Originator ID (Attribute Code 9) Originator attribute is a loop prevention mechanism used within iBGP network using a Route Reflector. The Route Reflector attaches if own Router-ID to routes, so if it receives a route with its own Router-ID it will ignore the route.
Cluster List (Attribute Code 10) Cluster List similar to the Originator ID attribute is a loop prevention mechanism however if an iBGP network is used clustered set of Route Reflectors then routes have the Route Reflectors Cluster ID attached to the advertised routes.
Multi-Protocol Reachable NLRI (Attribute Code 14) Multi-Protocol Reachable NLRI has two main functions as defined in RFC 4760: (a) Negotiates what non IPv4 unicast families will be announced between two BGP peers. (b) Defines the Network Layer Address of the router that should be the next-hop of the destination families. Ie if you have advertised l2vpn bgp family the next-hop for this bgp family will be defined within this attribute. When this attribute is used in a BGP Update message, the Origin and AS Path attributes have to be included. Local Preference attribute is additionally added to Update messages for iBGP peering sessions.
Multi-Protocol Unreachable NLRI (Attribute Code 15) Multi-Protocol Unreachable NLRI attribute is used to withdraw any BGP families that are no longer being advertised between BGP peers.
Extended Communities (Attribute Code 16) Extended Communities are the same as Community attribute however it has 8 octets of space to represent the community compared to 4 octets with normal communities. This allows 64-bit value, it can be represented as Type:Global-Administrator:Local-Administrator. It is important to note that you have set amount of bits you can use. You will have 16 bits for the Type, 16 bits, for the Global-Administrator (commonly the ASN/IP address) and 32 bits, for the Local-Administrator (commonly user defined).

BGP Path Selection

When a destination prefix reached by multiple routes via BGP by default only one path will be advertised into the Routing Table. With this in mind BGP has used its Route Selection Algorithm to determine what path will be installed into the Routing Table.
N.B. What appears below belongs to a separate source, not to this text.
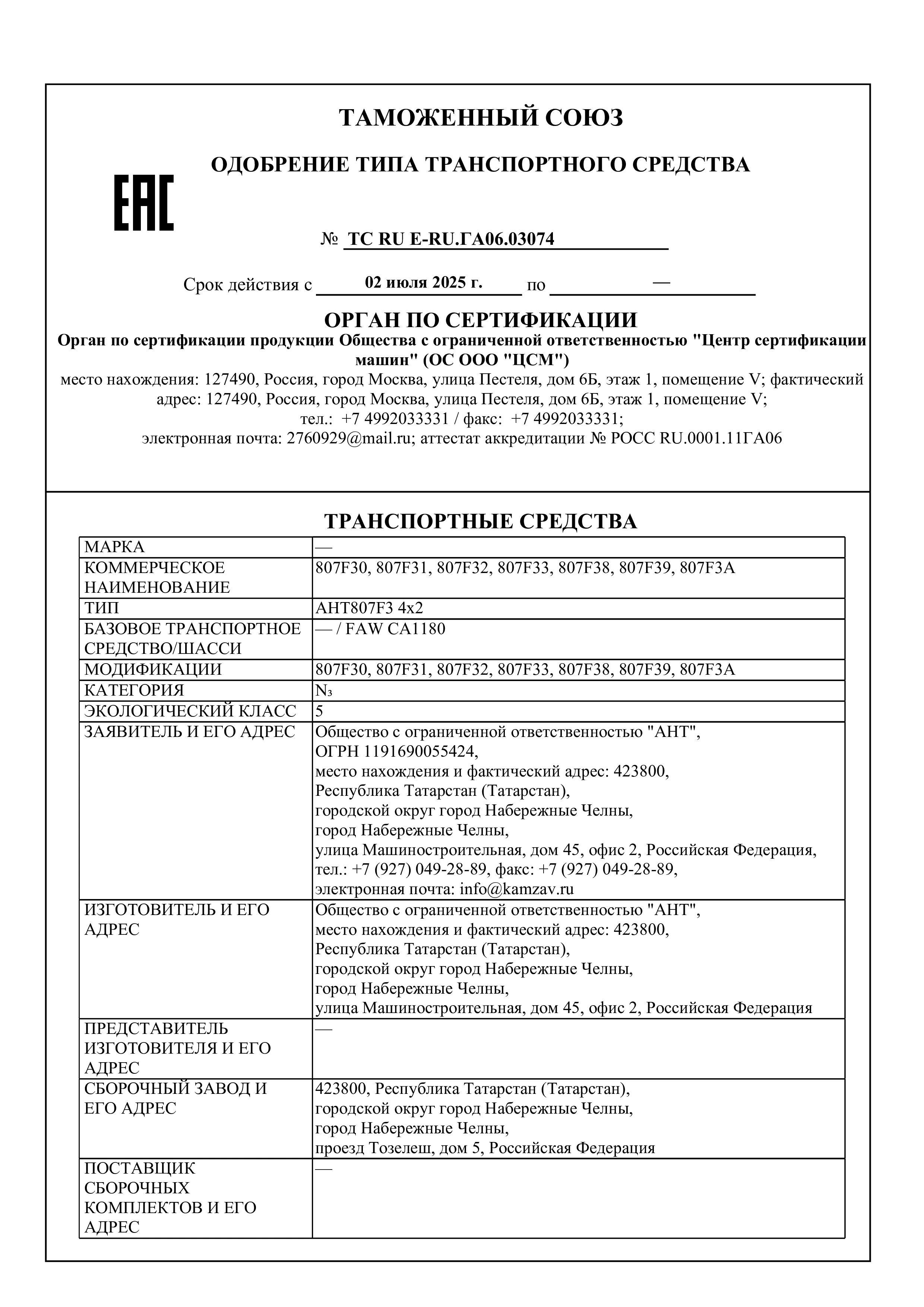 | Производитель шасси | FAW |
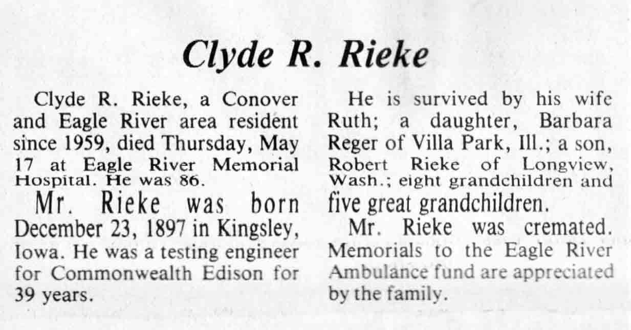 | Rieke | Clyde R | 23 Dec 1897 | 17 May 1984 | TLN | 23 May 1984 | 4 |

The algorithm uses the following steps:

  • Prefer the highest Local Preference Value

  • Checks what path has shortest AS Path

  • The Route with the Lowest Origin Value

  • If the route has a Lower MED

  • If the Prefix is learnt via eBGP is preferred over being learnt via iBGP

  • The path with the better exit out of the local AS. This means that the underlying IGP metric cost is taken into consideration, the path with the lowest IGP is preferred

  • The eBGP route that has the longest uptime or prefer the routes from the peer with lowest Router ID

  • Prefer routes with the shortest Cluster List Length. This is when you use a Route Reflector within your iBGP peering session

  • Prefer routes from a peer with the lowest IP Address

Some vendors have their own vendor specific additions to the path selection algorithm. Cisco use Weight before checking Local Preference and Juniper verify that the Next-Hop is reachable before checking Local Preference. With JunOS, if the Next-Hop isn’t verified then the route is set as a Hidden route and will need investigating.